WHAT THIS TASK INVOLVES
Print the whole listing exactly as it appears, but skip the pictures.

··· DATA SEGMENT ···

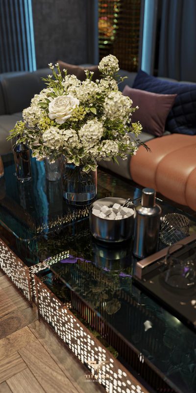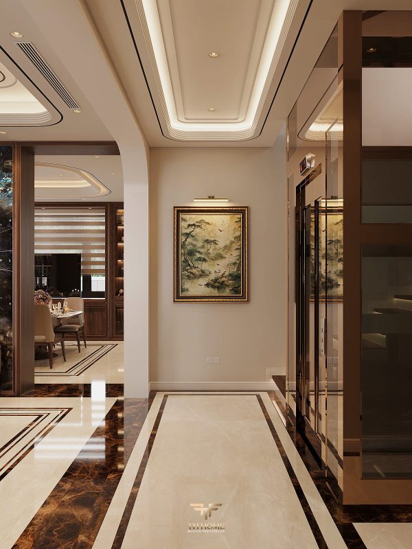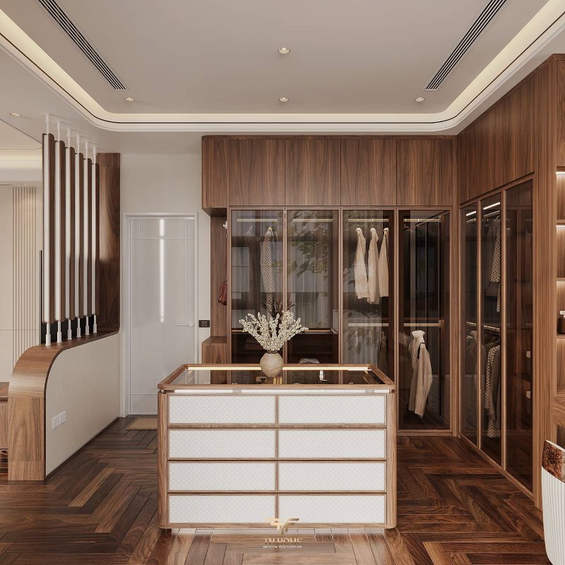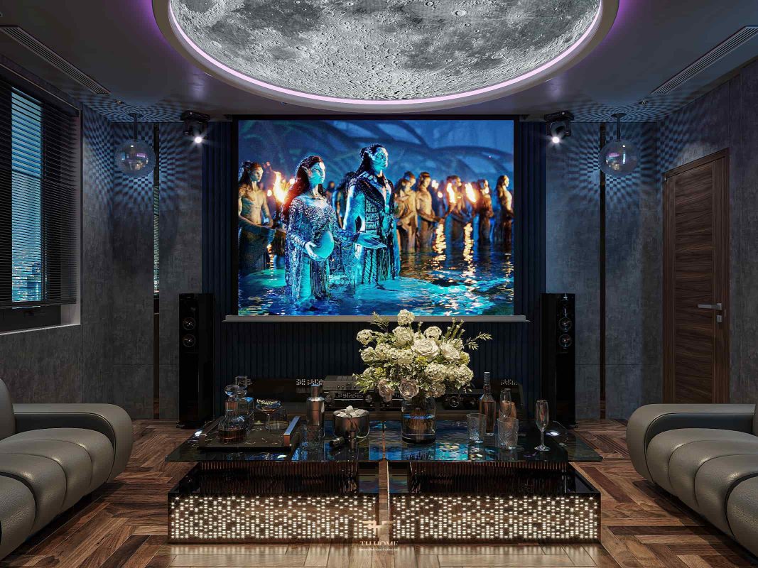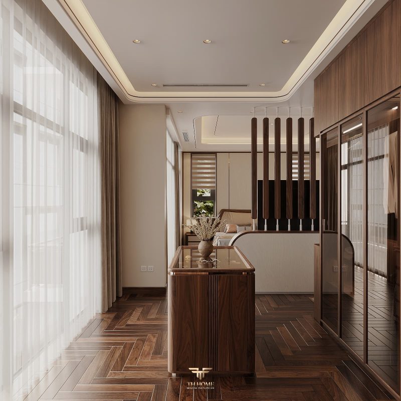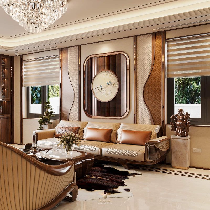 Không gian dẫn dắt cảm xúc bằng gỗ tự nhiên chủ đạo. Dưới ánh sáng được xử lý tinh tế, những đường vân gỗ cuộn xoắn độc đáo hiện lên như những nốt nhạc, kết hợp hài hòa cùng các vật liệu cao cấp: đá xuyên sáng, da, kim loại, kính… tạo nên một tổng thể thanh lịch, trang nhã và giàu chiều sâu cảm xúc.
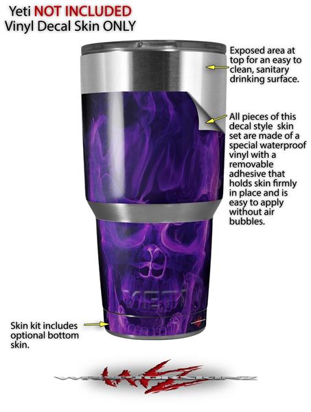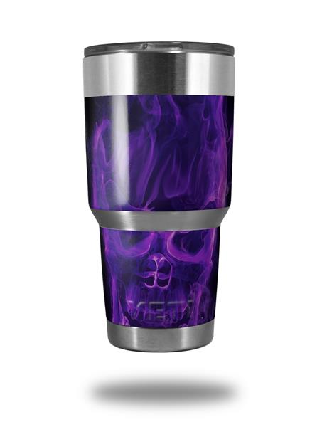 Skin Decal Wrap for Yeti Tumbler Rambler 30 oz Flaming Fire Skull Purple (TUMBLER NOT INCLUDED)
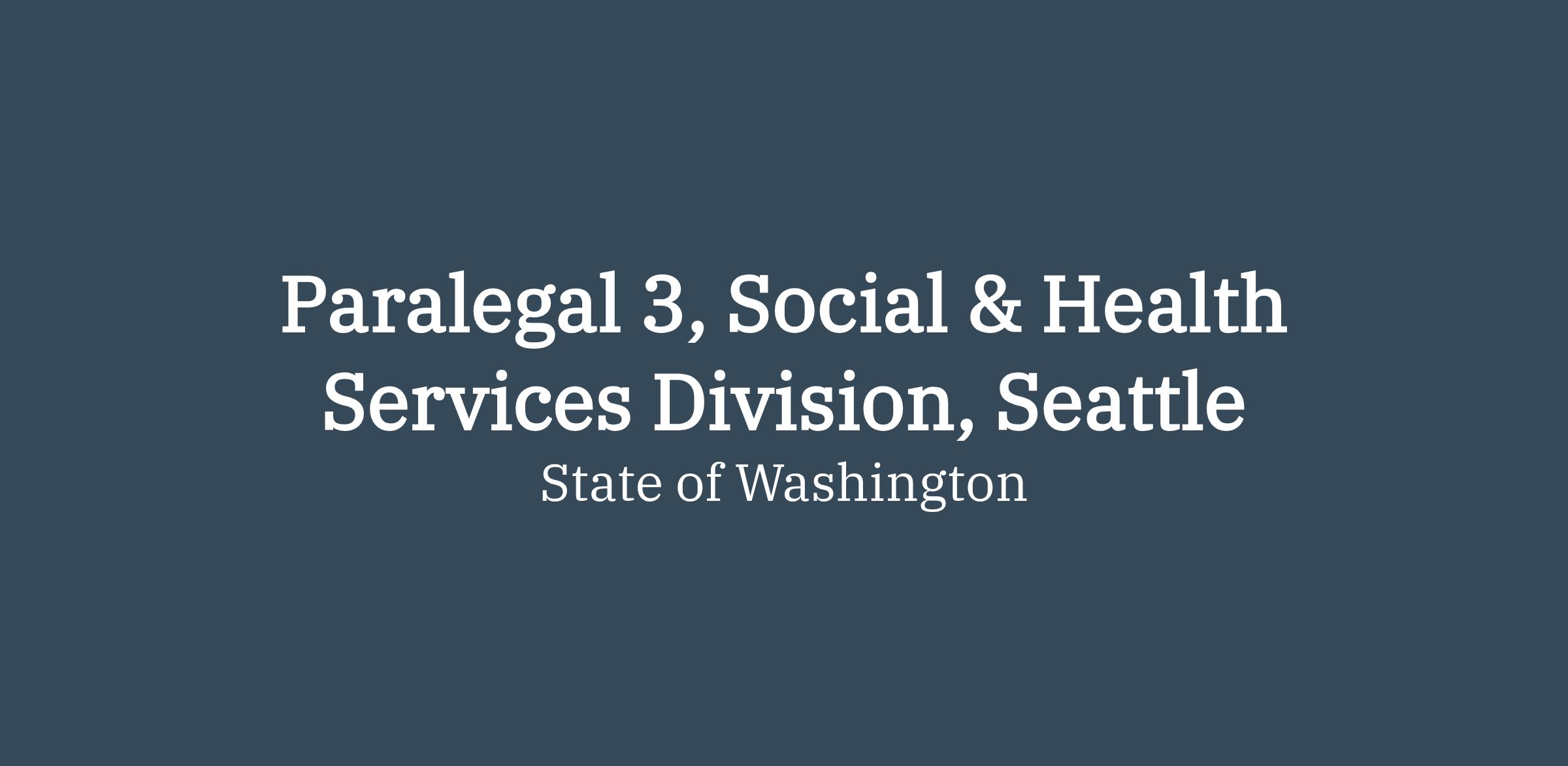 The Attorney General’s Office is recruiting for a permanent full time Paralegal 3 in the Social & Health Services Division. This position is located in Seattle, Washington, and is represented by the Washington Federation of State Employees (WFSE).

···

TASK RESULT
 Không gian dẫn dắt cảm xúc bằng gỗ tự nhiên chủ đạo. Dưới ánh sáng được xử lý tinh tế, những đường vân gỗ cuộn xoắn độc đáo hiện lên như những nốt nhạc, kết hợp hài hòa cùng các vật liệu cao cấp: đá xuyên sáng, da, kim loại, kính… tạo nên một tổng thể thanh lịch, trang nhã và giàu chiều sâu cảm xúc.
 Skin Decal Wrap for Yeti Tumbler Rambler 30 oz Flaming Fire Skull Purple (TUMBLER NOT INCLUDED)
 The Attorney General’s Office is recruiting for a permanent full time Paralegal 3 in the Social & Health Services Division. This position is located in Seattle, Washington, and is represented by the Washington Federation of State Employees (WFSE).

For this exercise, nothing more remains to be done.